# **Natural Language Processing** (NLP)

Source:  [https://github.com/d-insight/code-bank.git](https://github.com/d-insight/code-bank.git)  
License: [MIT License](https://opensource.org/licenses/MIT). See open source [license](LICENSE) in the Code Bank repository. 

-------------

## Overview

In this exercise, we are revisiting the EPFL course book data. We would like to understand how similar courses are based on their textual description. Think about this case: maybe you liked a course very much and would now like to take the most similar one to that.

### Business Objective:

* To discover similarity relationship between EPFL courses based on their textual description 

### Learning Objectives:

* Getting familiar with text preprocessing facilities in the `nltk` library
* Understanding intuition behind different vector space models to work with text data, e.g. TFIDF
* Learning how to transform a raw corpus into the vector space model of choice
* Learning how to query similar documents to a focal document in a given space
* Learning how to visualize text data from high-dimensional space into low dimansions for visualization 

-------

# Part 0: Setup

In [None]:
# Standard imports 
import pandas as pd

# Natural Language Toolkit (NLTK) and spaCy
import nltk
nltk.download('wordnet')
import spacy

# Sklearn TFIDF function and PCA
from sklearn.feature_extraction.text import TfidfVectorizer
from sklearn.decomposition import PCA

# Plotting packages
import matplotlib.pyplot as plt

# Python math package
import math

# Ignore warnings
import warnings
warnings.filterwarnings('ignore')

In [None]:
# Define constant(s)

SEED = 42

# Part 1: Load .csv data

In this part, simply load the EPFL course file from `data/epfl_description.csv`.

**Q 1**: Load EPFL course data. Look at the shape and the first 5 rows. What shape does the data have?

**Q 2**: Concatenate the course title and the course description column.
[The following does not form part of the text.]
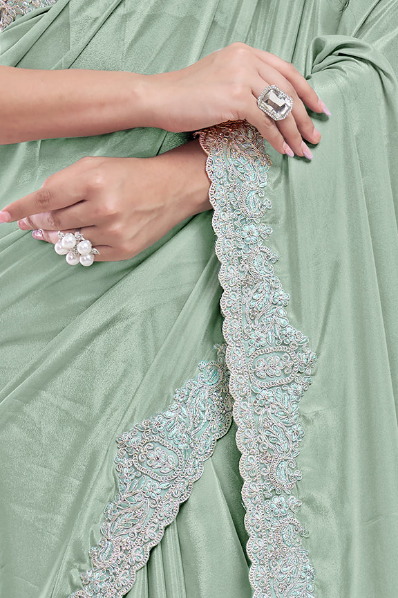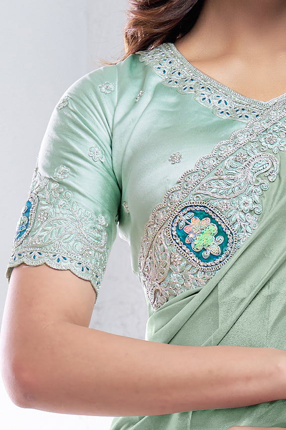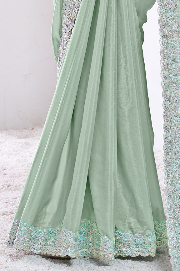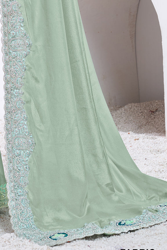 Sea Green Pure Crepe Silk Dual Sequence with Applic work Saree

Why is this useful?

# Part 2: Clean data

**Q 1**: Draw a random sample of 5 course descriptions and look at the entire description. Are there any issues with the text data? If so, what are they?

Hint: Look at the element in row 8. 

Some of the issues that require cleaning include:

- `\r` character is the carriage return
- punctuation marks like `.`, `,`, `?`, `!`, etc. 
- quotation marks and other symbols like `$`, `(`, `)`, etc.
- etc.

**Q 2**: Remove the parts of the text identified above. Also remove multiple white spaces. How did the element in row 8 change?
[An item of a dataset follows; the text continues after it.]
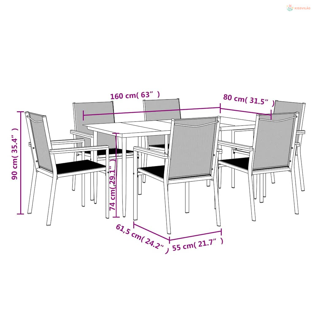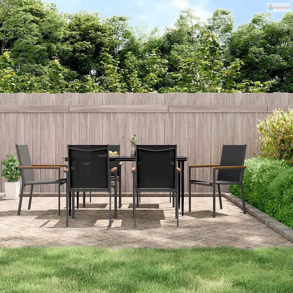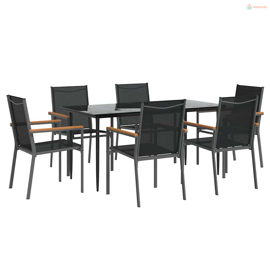 7 részes fekete textilén és acél kerti pihenőgarnitúra

Hint: use a "regular expressions" (regex), which defines a search pattern for strings - a very handy tool for pre-processing text. You can visit https://regex101.com/ to test your regex expressions.

**Q 3**: Clean data by removing rows with missing data in any column. How many clean rows are left?
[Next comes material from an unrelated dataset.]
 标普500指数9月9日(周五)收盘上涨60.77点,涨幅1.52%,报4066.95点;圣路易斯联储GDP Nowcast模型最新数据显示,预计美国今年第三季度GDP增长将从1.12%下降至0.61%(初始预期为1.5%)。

# Part 3: Tokenize and lemmatize course descriptions 

For grammatical reasons, documents are going to use different forms of a word, such as organize, organizes, and organizing. The goal of both stemming and lemmatization is to reduce inflectional forms and sometimes derivationally related forms of a word to a common base form. For example:

- am, are, is $\Rightarrow$ be
- car, cars, car's, cars' $\Rightarrow$ car

For details about lemmatization and stemming visit: https://nlp.stanford.edu/IR-book/html/htmledition/stemming-and-lemmatization-1.html

**Q 1**: Define a simple function that takes a course description as input and outputs the tokenized and lemmatized text as a list.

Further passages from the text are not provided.